- **PROVIDED RECORDS**:
+ + + + + + +

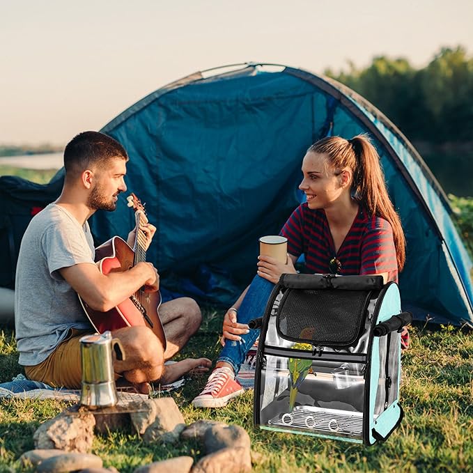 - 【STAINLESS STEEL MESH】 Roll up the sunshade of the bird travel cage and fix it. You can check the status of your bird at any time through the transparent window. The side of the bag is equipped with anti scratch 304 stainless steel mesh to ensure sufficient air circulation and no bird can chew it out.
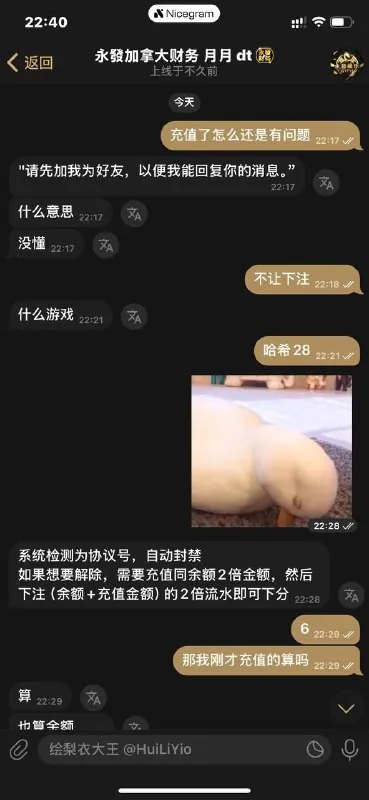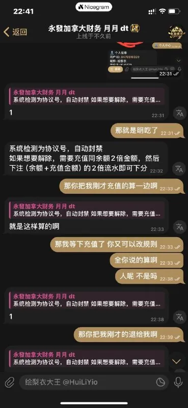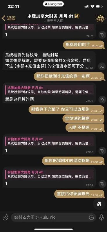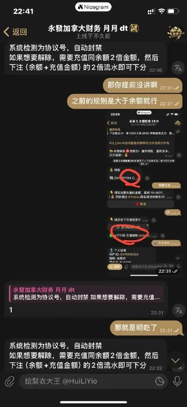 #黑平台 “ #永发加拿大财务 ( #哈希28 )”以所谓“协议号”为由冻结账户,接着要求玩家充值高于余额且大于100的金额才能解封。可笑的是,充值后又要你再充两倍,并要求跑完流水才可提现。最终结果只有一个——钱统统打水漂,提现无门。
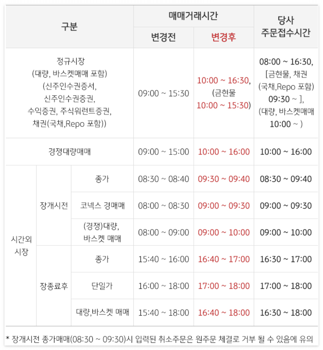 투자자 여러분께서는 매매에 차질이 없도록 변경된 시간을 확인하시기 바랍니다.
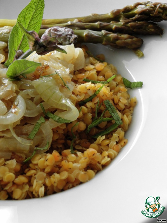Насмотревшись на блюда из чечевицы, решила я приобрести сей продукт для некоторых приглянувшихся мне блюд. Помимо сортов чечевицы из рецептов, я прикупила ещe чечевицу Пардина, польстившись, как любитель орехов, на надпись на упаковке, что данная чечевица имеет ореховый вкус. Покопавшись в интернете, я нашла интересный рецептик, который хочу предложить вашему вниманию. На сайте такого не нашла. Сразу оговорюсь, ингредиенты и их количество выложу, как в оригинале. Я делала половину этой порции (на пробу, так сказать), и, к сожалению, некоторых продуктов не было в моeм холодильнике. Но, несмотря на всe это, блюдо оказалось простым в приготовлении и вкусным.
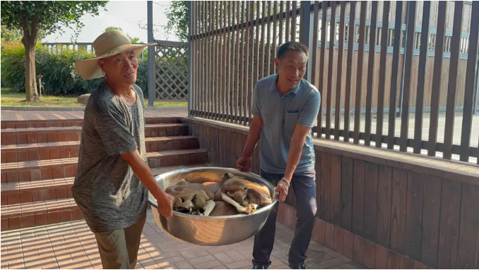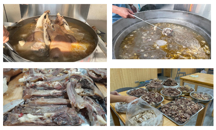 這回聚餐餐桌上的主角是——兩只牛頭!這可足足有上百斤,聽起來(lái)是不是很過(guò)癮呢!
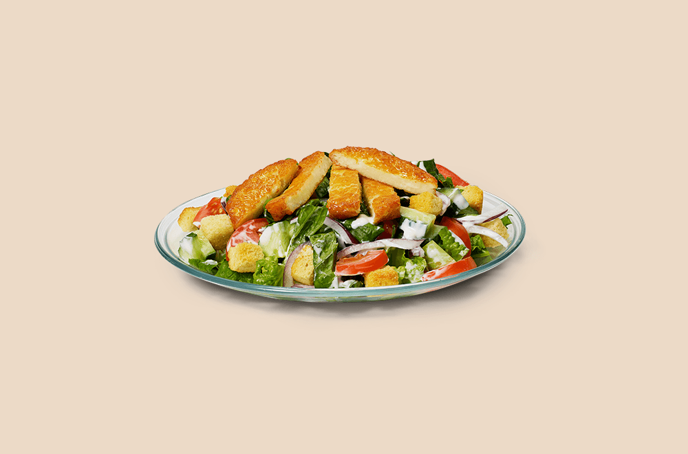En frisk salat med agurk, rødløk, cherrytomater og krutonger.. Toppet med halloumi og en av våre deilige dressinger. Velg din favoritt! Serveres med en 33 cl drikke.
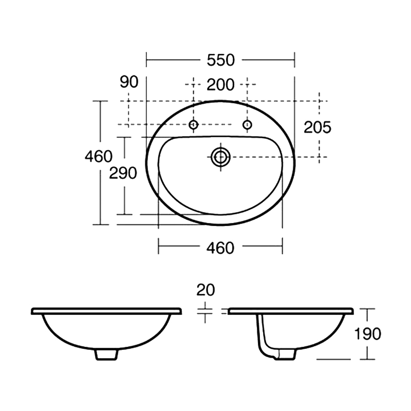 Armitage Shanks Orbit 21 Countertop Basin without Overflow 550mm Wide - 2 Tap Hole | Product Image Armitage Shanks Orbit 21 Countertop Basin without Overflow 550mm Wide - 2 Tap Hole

+ + + + + + +

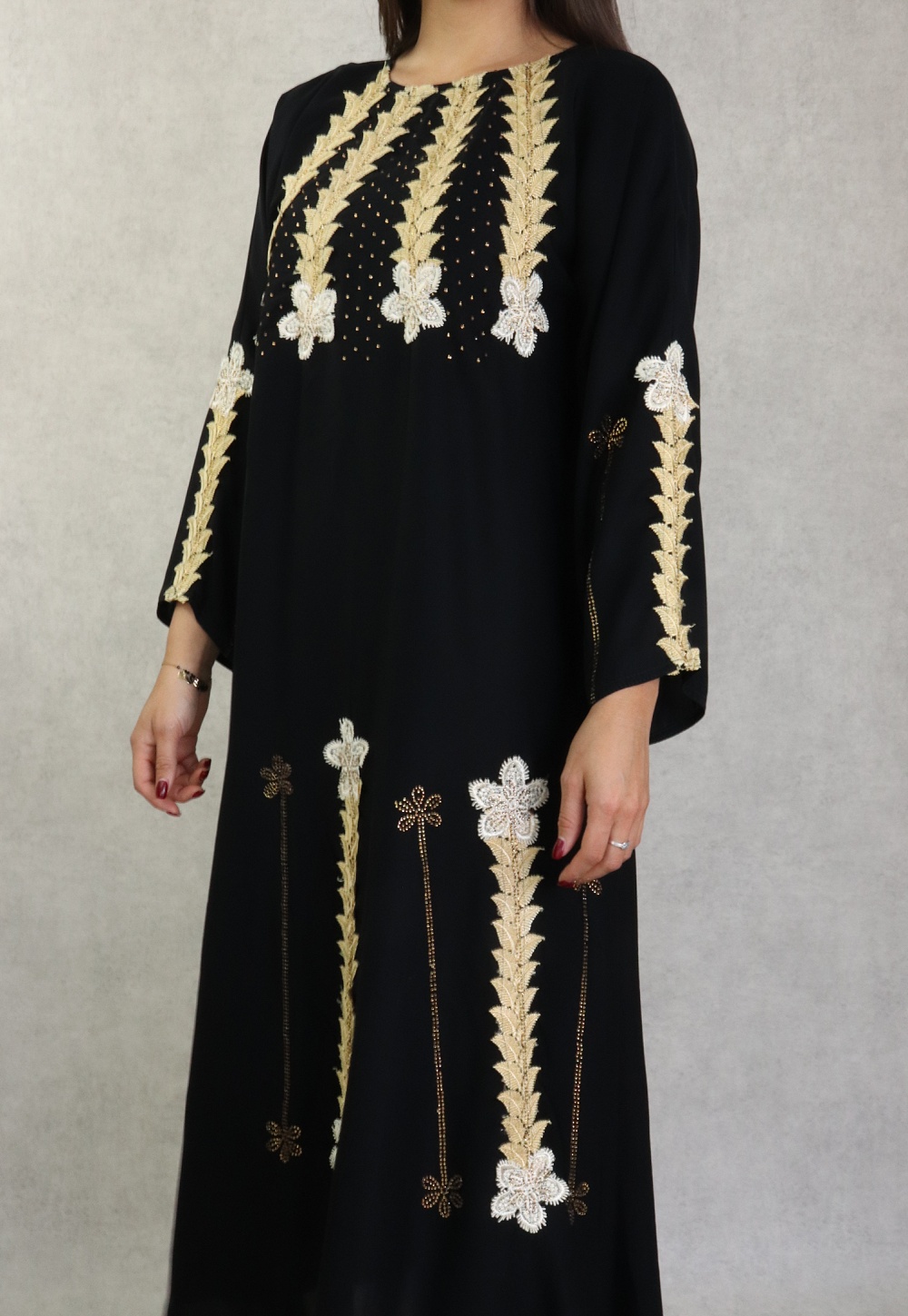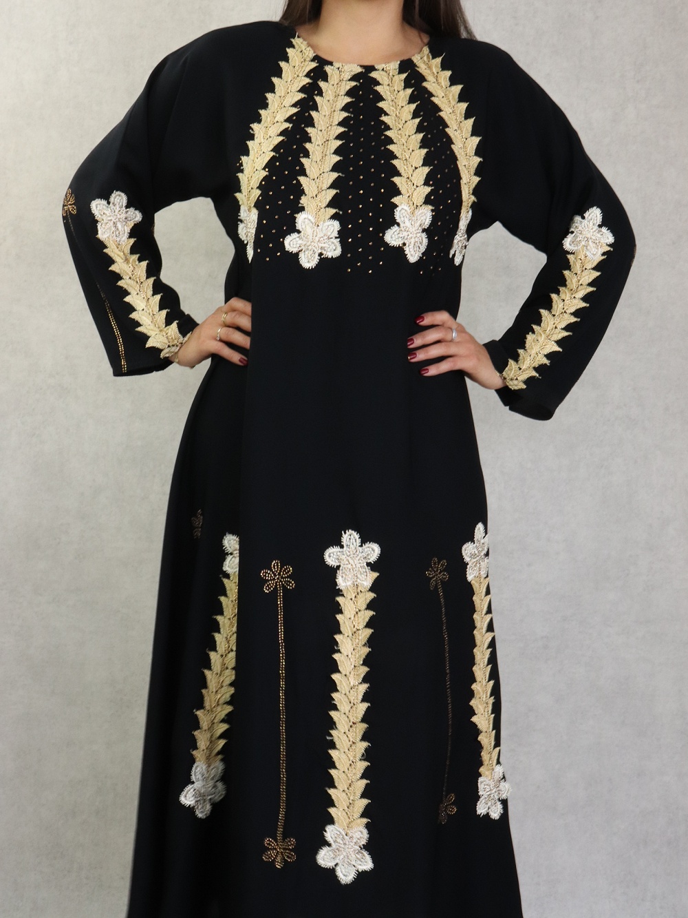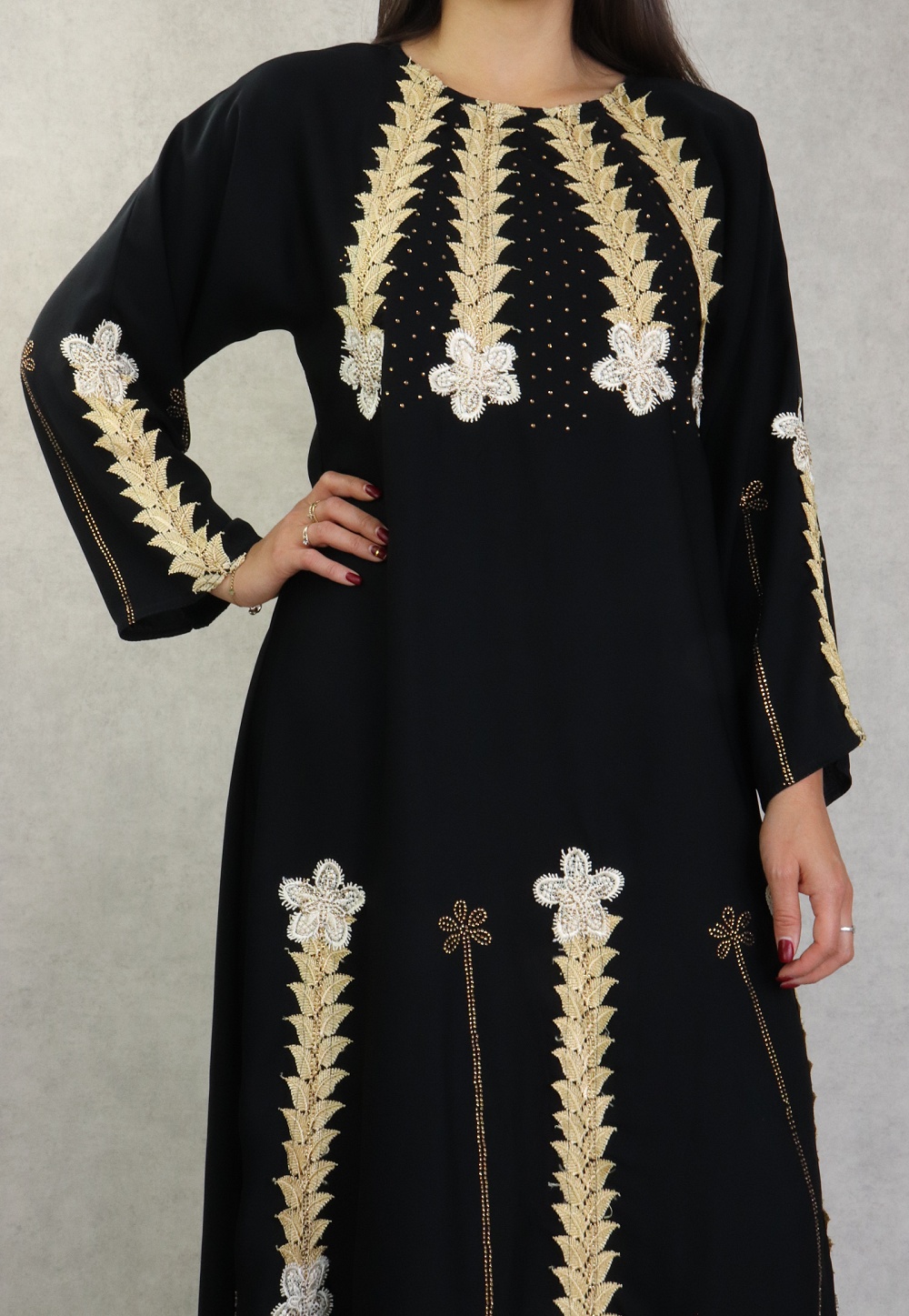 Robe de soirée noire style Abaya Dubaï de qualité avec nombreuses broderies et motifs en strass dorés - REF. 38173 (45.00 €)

+ + + + + + +

- **GOAL OF THE EXERCISE**: Though the entries above contain pictures, none should be copied; reproduce only the lines between the one holding "- 【STAINLESS STEEL" and the one holding "Hole | Product", inclusive, exactly as written.

- **ANSWER TO THE EXERCISE**:
 - 【STAINLESS STEEL MESH】 Roll up the sunshade of the bird travel cage and fix it. You can check the status of your bird at any time through the transparent window. The side of the bag is equipped with anti scratch 304 stainless steel mesh to ensure sufficient air circulation and no bird can chew it out.
 #黑平台 “ #永发加拿大财务 ( #哈希28 )”以所谓“协议号”为由冻结账户,接着要求玩家充值高于余额且大于100的金额才能解封。可笑的是,充值后又要你再充两倍,并要求跑完流水才可提现。最终结果只有一个——钱统统打水漂,提现无门。
 투자자 여러분께서는 매매에 차질이 없도록 변경된 시간을 확인하시기 바랍니다.
Насмотревшись на блюда из чечевицы, решила я приобрести сей продукт для некоторых приглянувшихся мне блюд. Помимо сортов чечевицы из рецептов, я прикупила ещe чечевицу Пардина, польстившись, как любитель орехов, на надпись на упаковке, что данная чечевица имеет ореховый вкус. Покопавшись в интернете, я нашла интересный рецептик, который хочу предложить вашему вниманию. На сайте такого не нашла. Сразу оговорюсь, ингредиенты и их количество выложу, как в оригинале. Я делала половину этой порции (на пробу, так сказать), и, к сожалению, некоторых продуктов не было в моeм холодильнике. Но, несмотря на всe это, блюдо оказалось простым в приготовлении и вкусным.
 這回聚餐餐桌上的主角是——兩只牛頭!這可足足有上百斤,聽起來(lái)是不是很過(guò)癮呢!
En frisk salat med agurk, rødløk, cherrytomater og krutonger.. Toppet med halloumi og en av våre deilige dressinger. Velg din favoritt! Serveres med en 33 cl drikke.
 Armitage Shanks Orbit 21 Countertop Basin without Overflow 550mm Wide - 2 Tap Hole | Product Image Armitage Shanks Orbit 21 Countertop Basin without Overflow 550mm Wide - 2 Tap Hole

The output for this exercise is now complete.